What you should do: In the entries below, begin at the line that has "[제2019-28호] 고양시정연구원 위촉연구원 최종합격자 공고문" and stop after the line that has "Hume water filler"; output those lines exactly, leaving out pictures.

Information provided:
◇ ◇ ◇ ◇

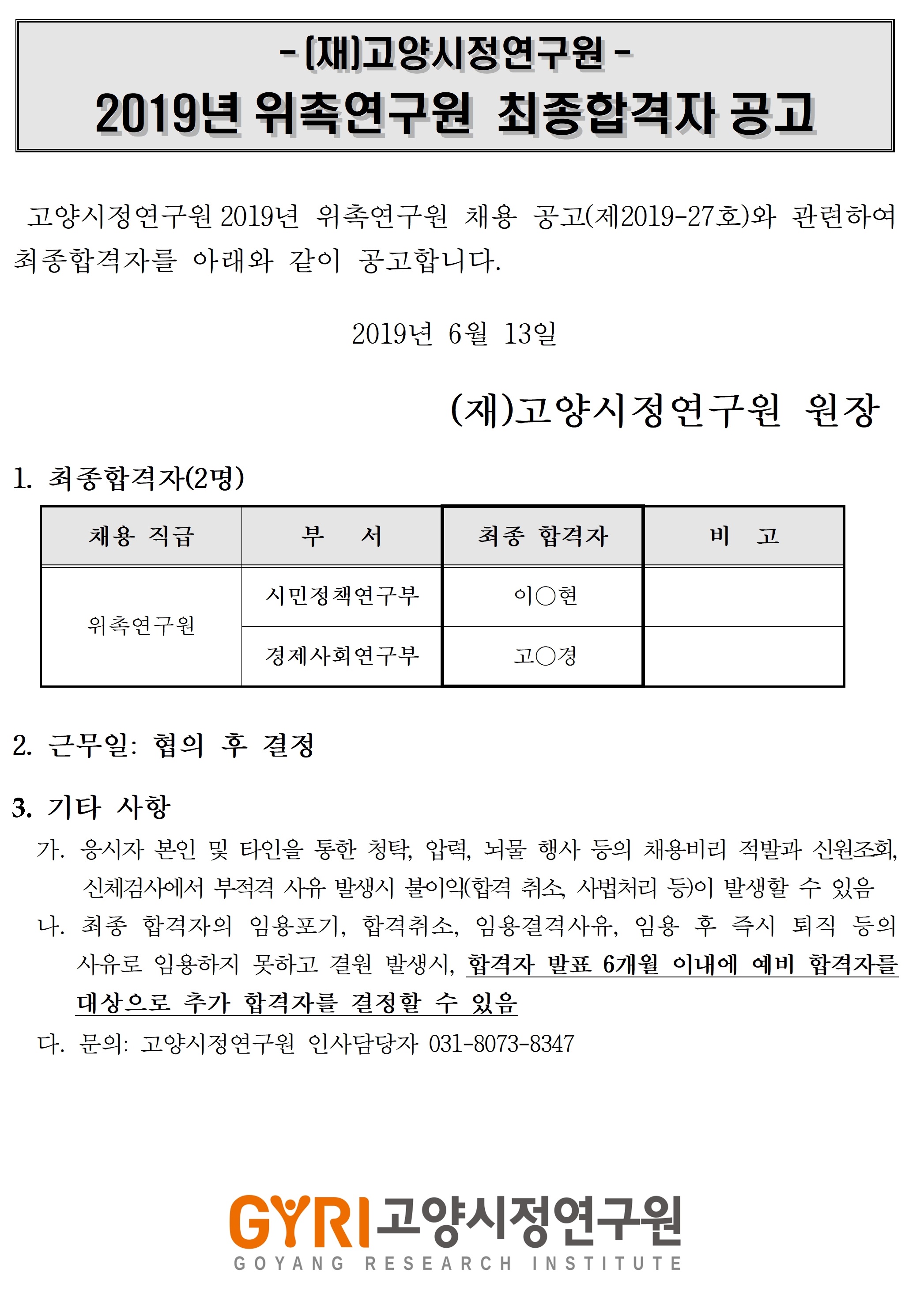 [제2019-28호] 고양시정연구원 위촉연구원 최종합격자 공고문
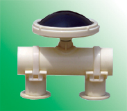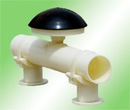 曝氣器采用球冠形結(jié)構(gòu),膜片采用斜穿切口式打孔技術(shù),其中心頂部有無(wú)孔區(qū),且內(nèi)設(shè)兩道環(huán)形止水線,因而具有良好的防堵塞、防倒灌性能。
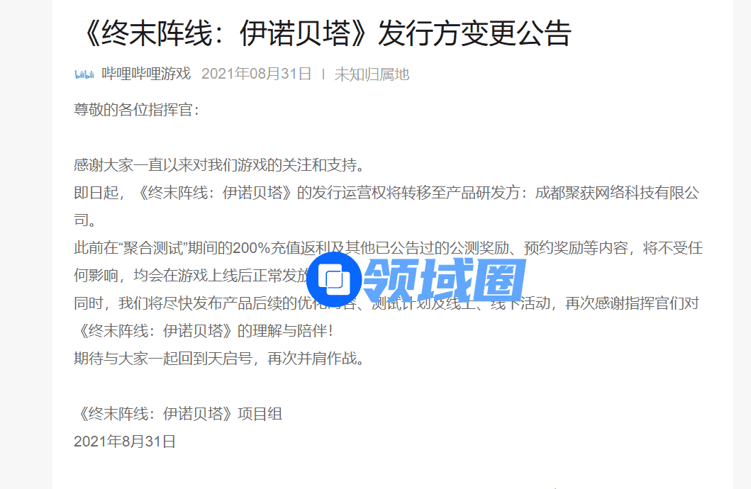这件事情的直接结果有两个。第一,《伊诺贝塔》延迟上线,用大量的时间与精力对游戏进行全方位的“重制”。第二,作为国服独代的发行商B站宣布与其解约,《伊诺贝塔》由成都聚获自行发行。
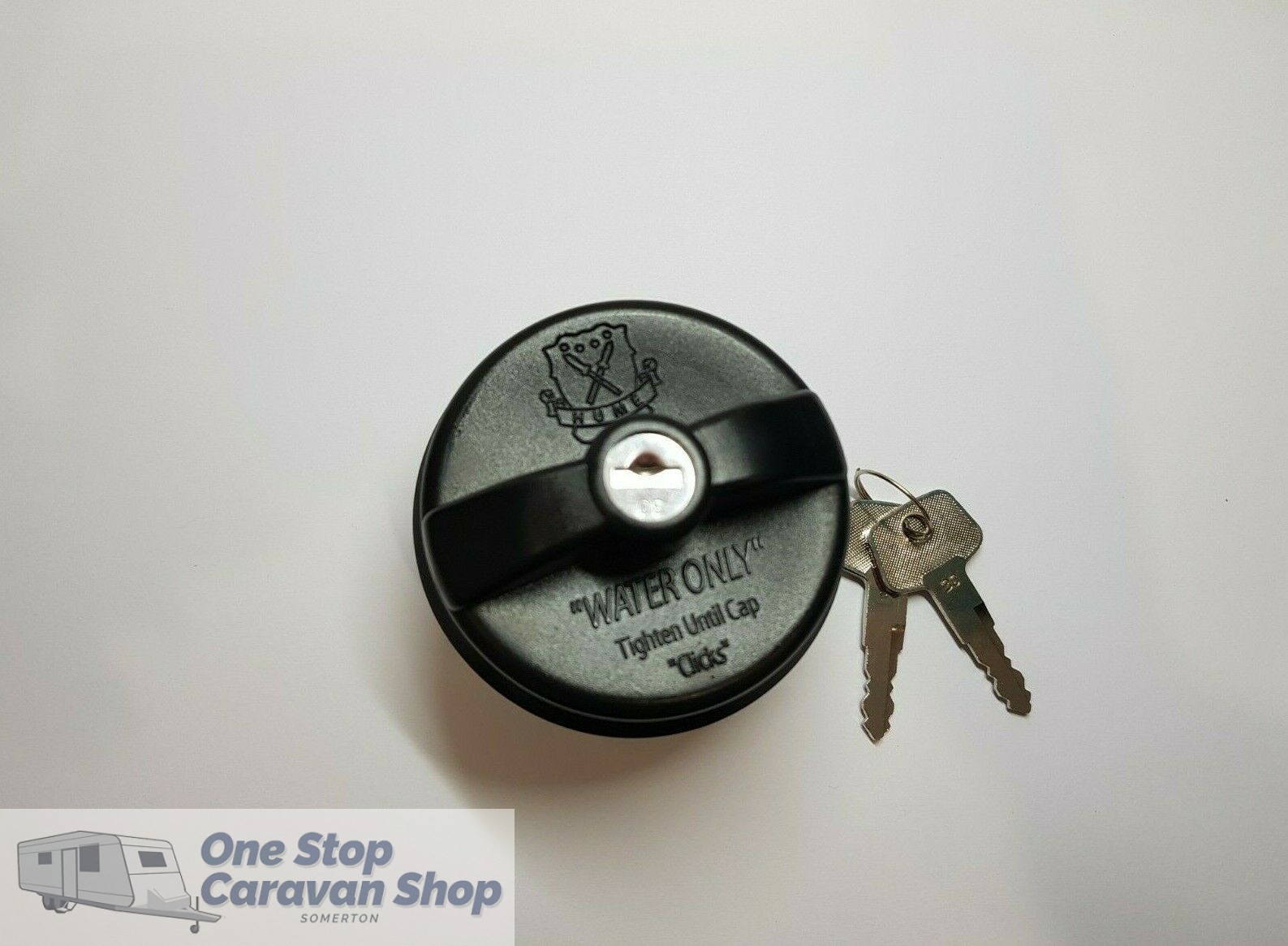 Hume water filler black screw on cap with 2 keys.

◇ ◇ ◇ ◇

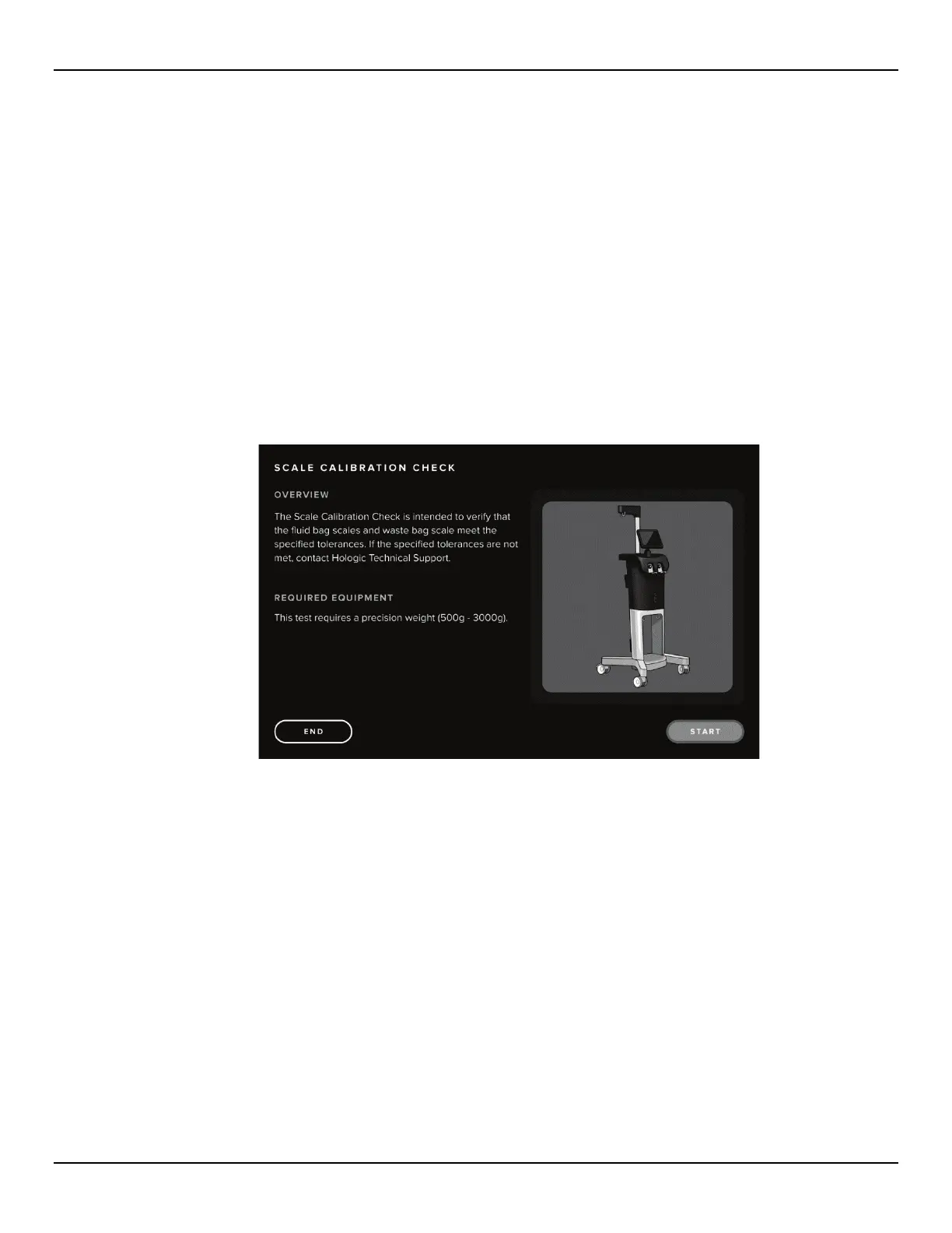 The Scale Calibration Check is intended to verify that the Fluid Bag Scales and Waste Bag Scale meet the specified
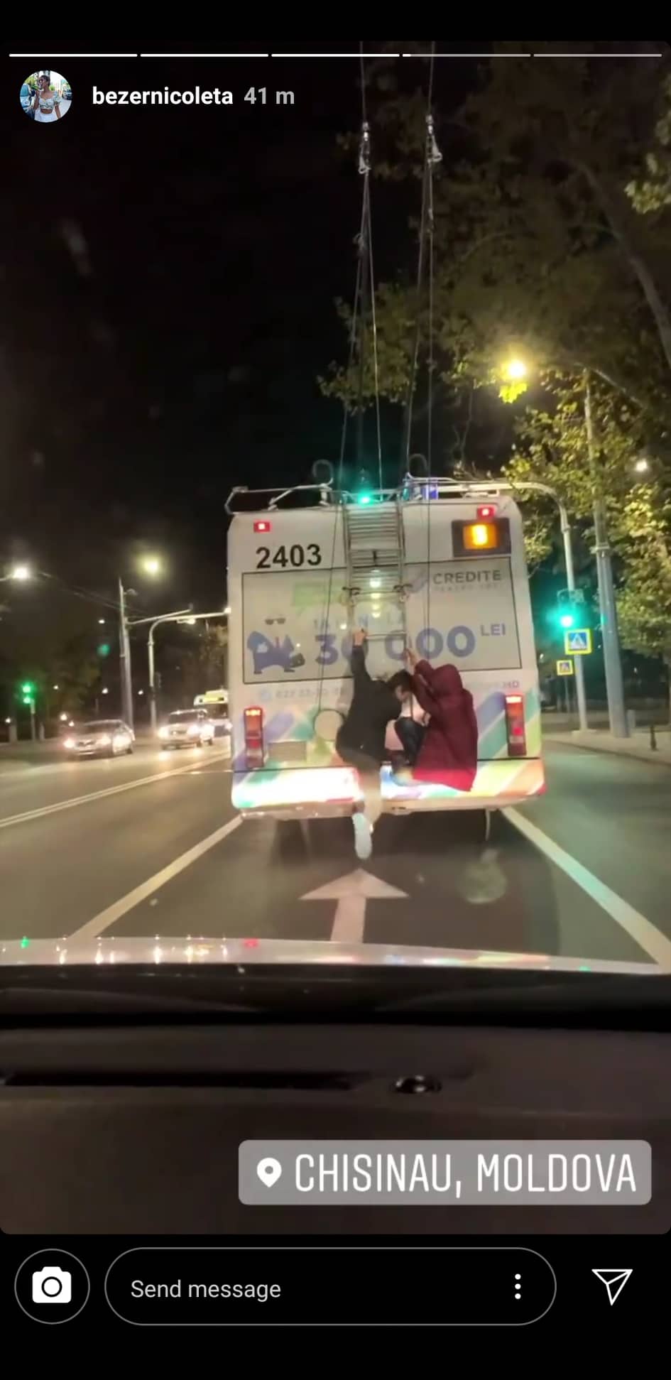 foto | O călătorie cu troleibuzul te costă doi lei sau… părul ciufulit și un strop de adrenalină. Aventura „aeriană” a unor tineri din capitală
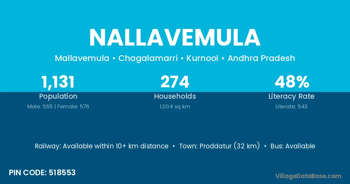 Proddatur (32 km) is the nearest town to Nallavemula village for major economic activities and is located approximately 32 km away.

◇ ◇ ◇ ◇

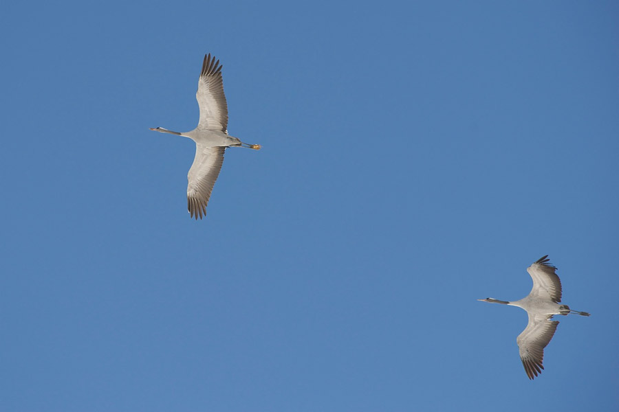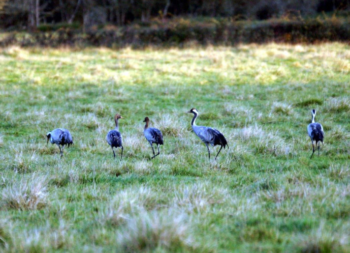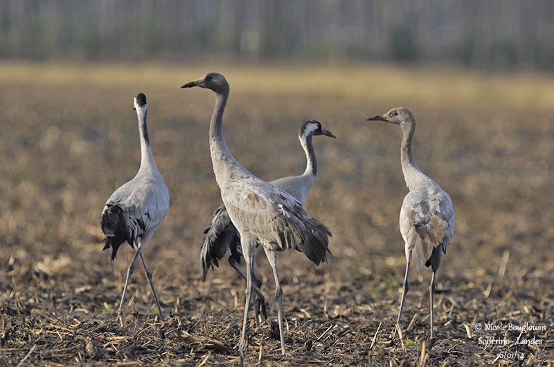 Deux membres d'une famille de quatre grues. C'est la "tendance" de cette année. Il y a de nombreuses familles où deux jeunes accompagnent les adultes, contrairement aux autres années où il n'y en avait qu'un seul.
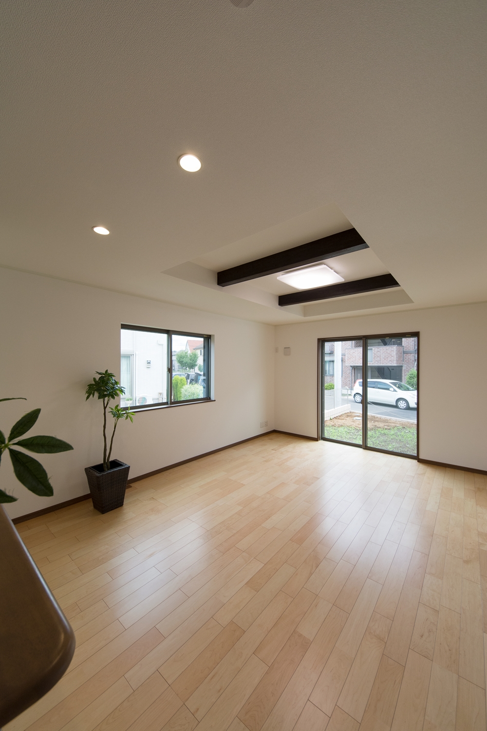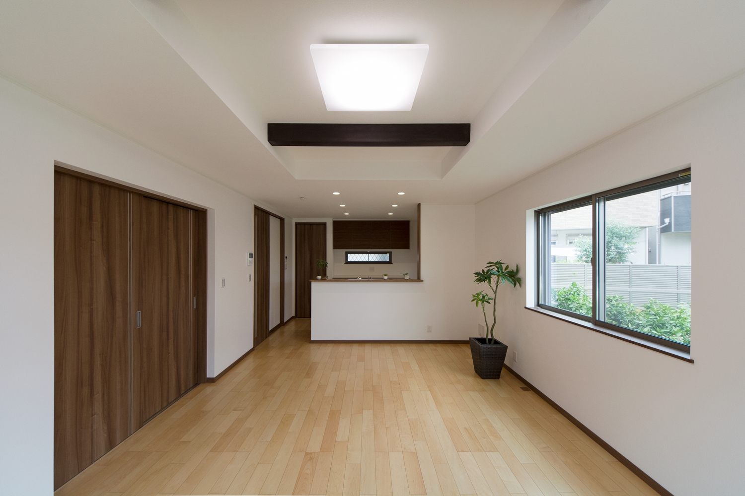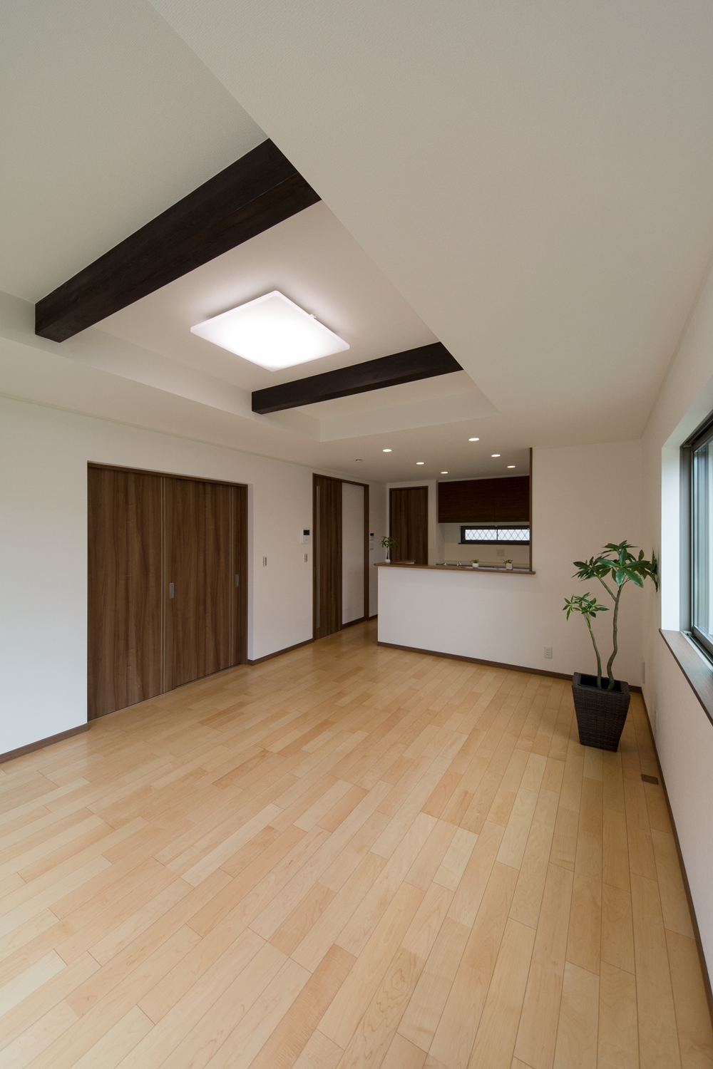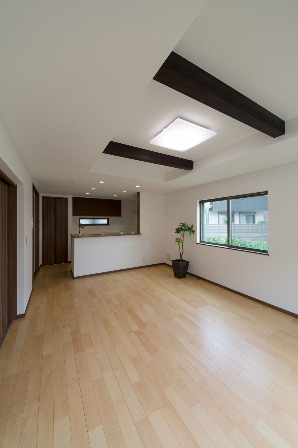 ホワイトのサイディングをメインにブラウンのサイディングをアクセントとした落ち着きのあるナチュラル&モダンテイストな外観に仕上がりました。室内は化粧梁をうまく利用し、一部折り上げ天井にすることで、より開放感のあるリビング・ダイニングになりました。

◇ ◇ ◇ ◇

Answer for this exercise:
 [제2019-28호] 고양시정연구원 위촉연구원 최종합격자 공고문
 曝氣器采用球冠形結(jié)構(gòu),膜片采用斜穿切口式打孔技術(shù),其中心頂部有無(wú)孔區(qū),且內(nèi)設(shè)兩道環(huán)形止水線,因而具有良好的防堵塞、防倒灌性能。
这件事情的直接结果有两个。第一,《伊诺贝塔》延迟上线,用大量的时间与精力对游戏进行全方位的“重制”。第二,作为国服独代的发行商B站宣布与其解约,《伊诺贝塔》由成都聚获自行发行。
 Hume water filler black screw on cap with 2 keys.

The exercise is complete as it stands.